In a keynote speech in Frankfurt, Philip R. Lane of the European Central Bank argued that the euro area suffers from a shortage of “safe assets” — highly liquid, low-risk financial instruments that are essential for stable financial markets and effective monetary policy.
He explained that German Bunds currently serve as the main euro-denominated safe asset, but their supply is too limited to meet growing global demand. While EU-wide reforms and crisis-response tools have strengthened financial stability and reduced sovereign risk differences across member states, national bonds still cannot fully function as a unified safe asset.

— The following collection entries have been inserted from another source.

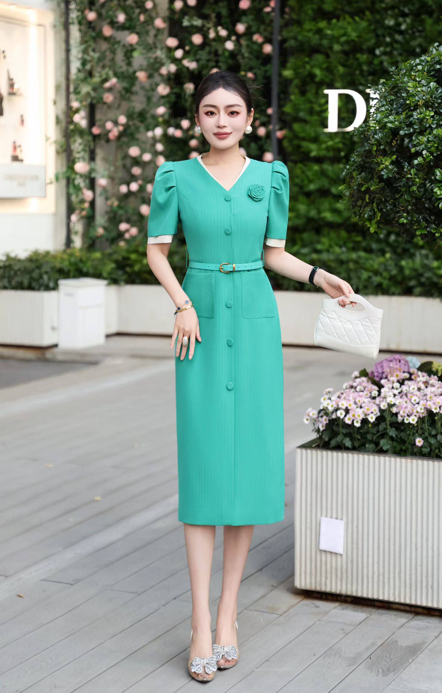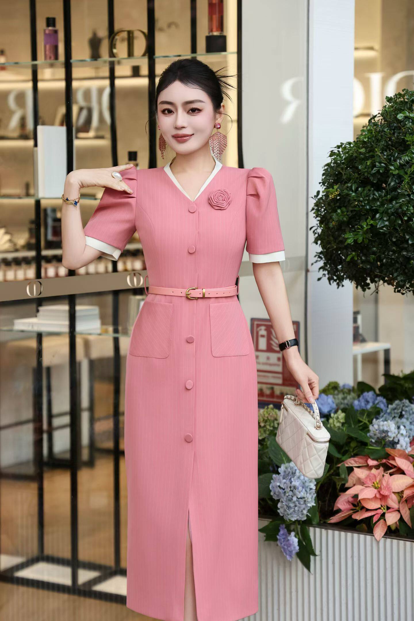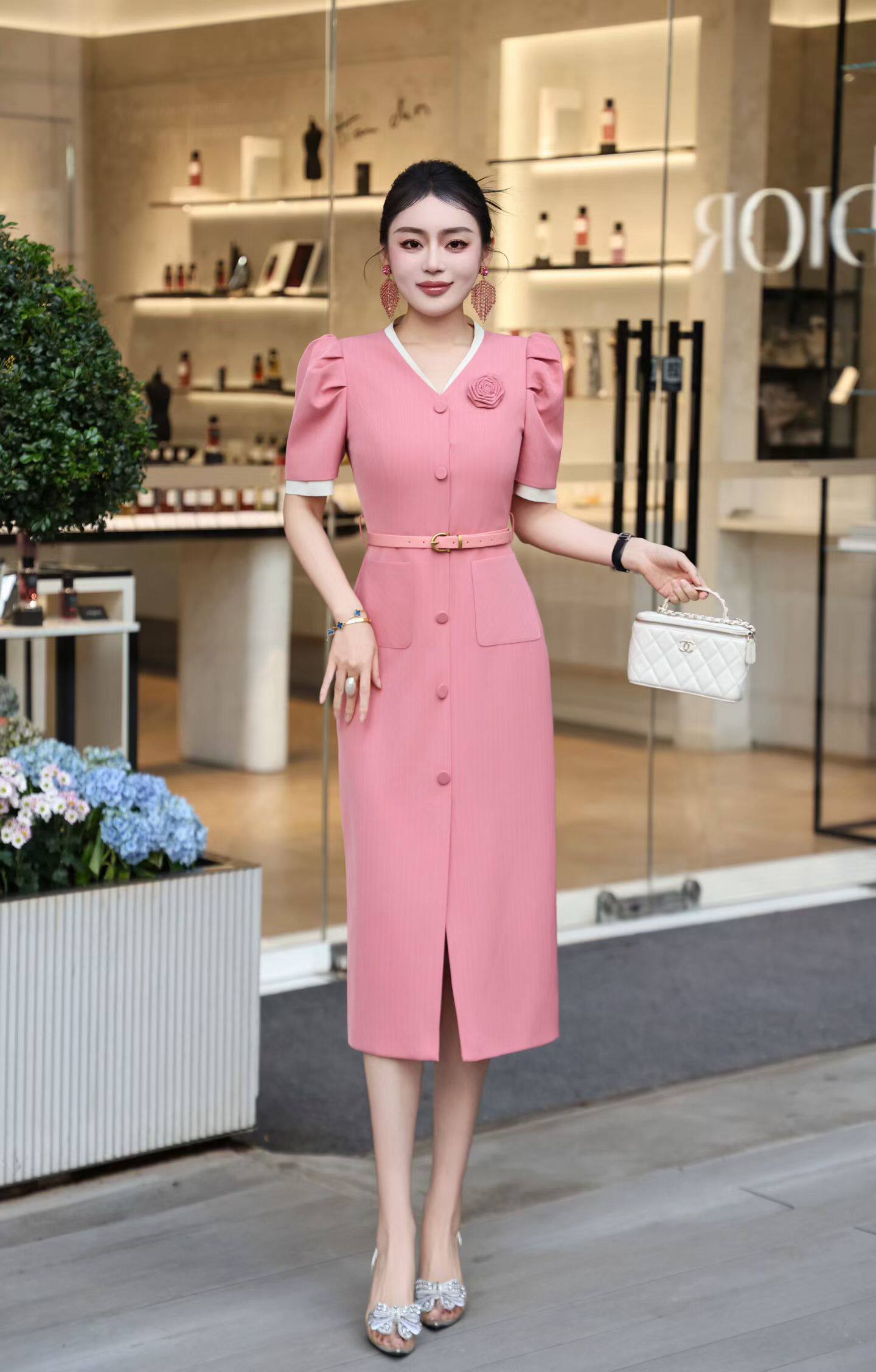 26年新款连衣裙春夏秋简约v领拼色配胸花系腰带修身显瘦一步裙
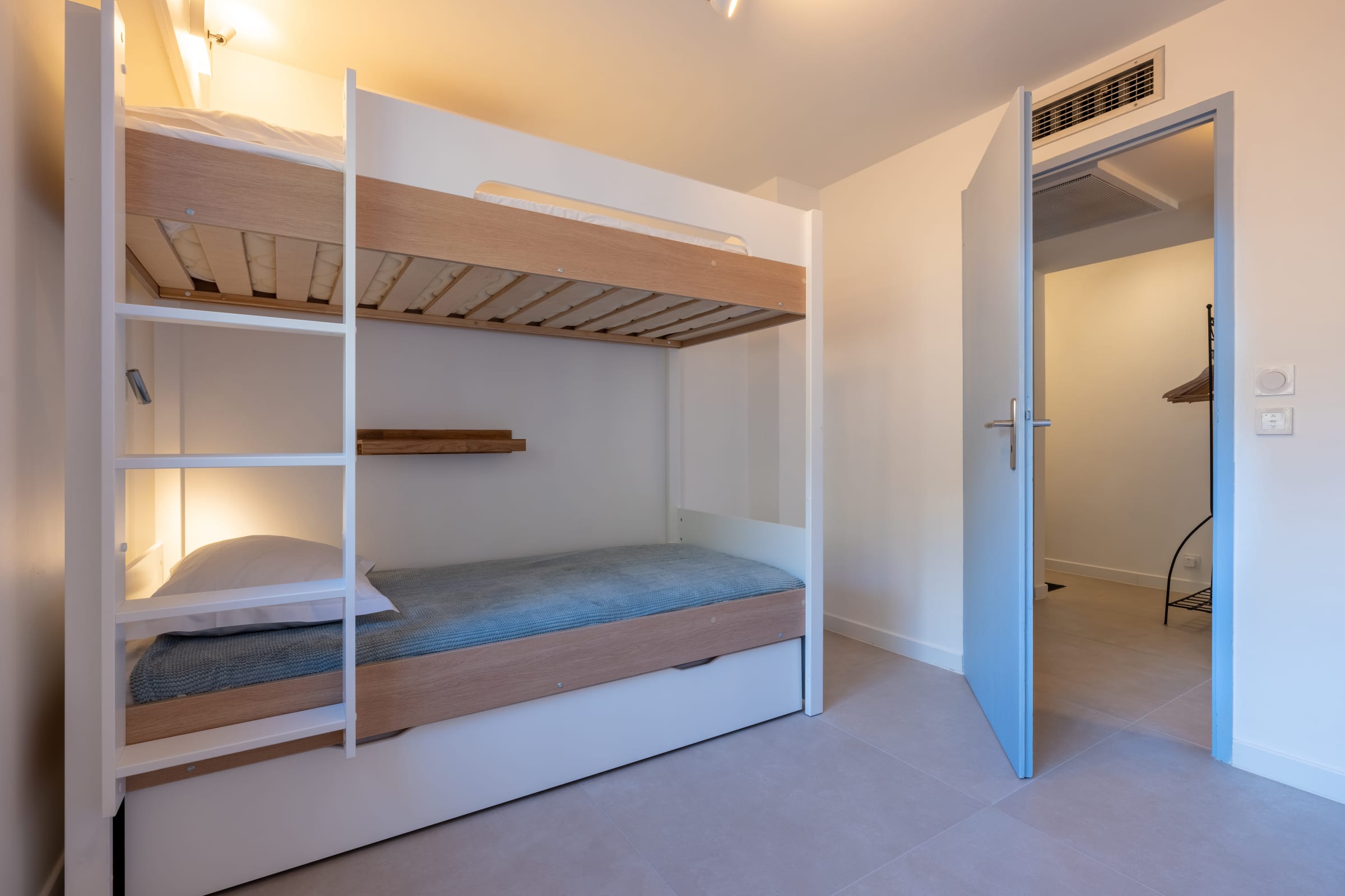 - bedroom with two single bunk beds and a single pull-out bed,
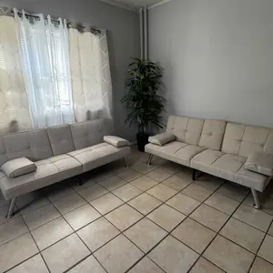QUALITY DESIGN: Durably crafted with tufted linen and 4 chrome metal legs, this convertible futon sofa fuses comfort and style that will last in your living space for years to come
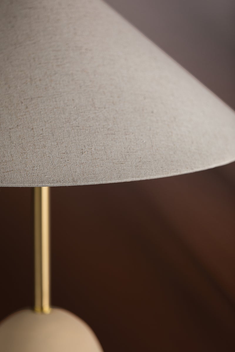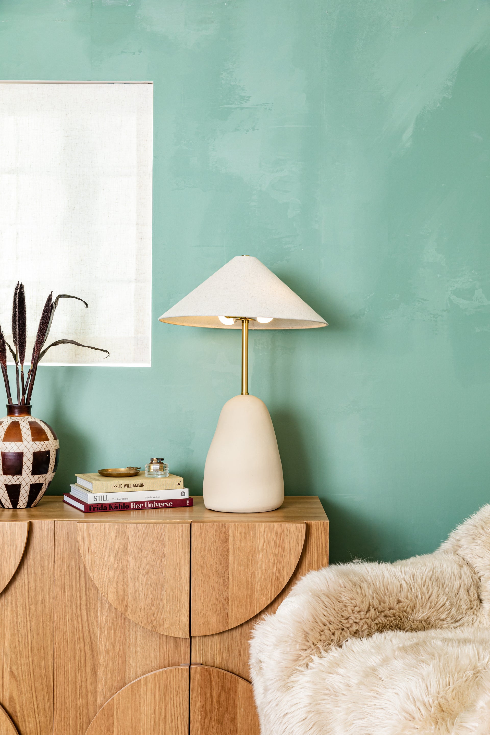 Capturing the designer's heritage, Maia is both intimate and intriguing. The perfectly imperfect ceramic base represents a Brazilian mountain, and the angular shade evokes the roof of a traditional Korean home. Aged brass accents give this natural, neutral beauty a hint of shine.

Lane highlighted that jointly issued EU bonds, such as those used for programs like SURE and Next Generation EU, represent a step toward expanding safe assets, but their scale and liquidity remain insufficient compared to major sovereign bond markets like Germany or France.
To address this, he outlined several possible solutions. These include expanding common EU borrowing for shared priorities such as defence or geopolitical support (for example, Ukraine), and developing innovative financing structures. Among them are proposals like “blue bonds,” which would pool part of national debt into a common instrument backed by earmarked tax revenues, and sovereign bond-backed securities (SBBS), where portfolios of national bonds are transformed into senior safe assets through financial engineering.
Lane stressed that all approaches involve trade-offs between increasing liquidity and maintaining political feasibility, since fiscal authority remains largely at the national level. He also emphasized that greater issuance of joint debt would require strong political trust and continued fiscal discipline among member states.
In conclusion, he argued that expanding the supply of euro safe assets would strengthen the euro’s global role, improve financial stability, and support broader EU goals such as deeper capital markets integration, stronger economic growth, and the development of a more unified financial system.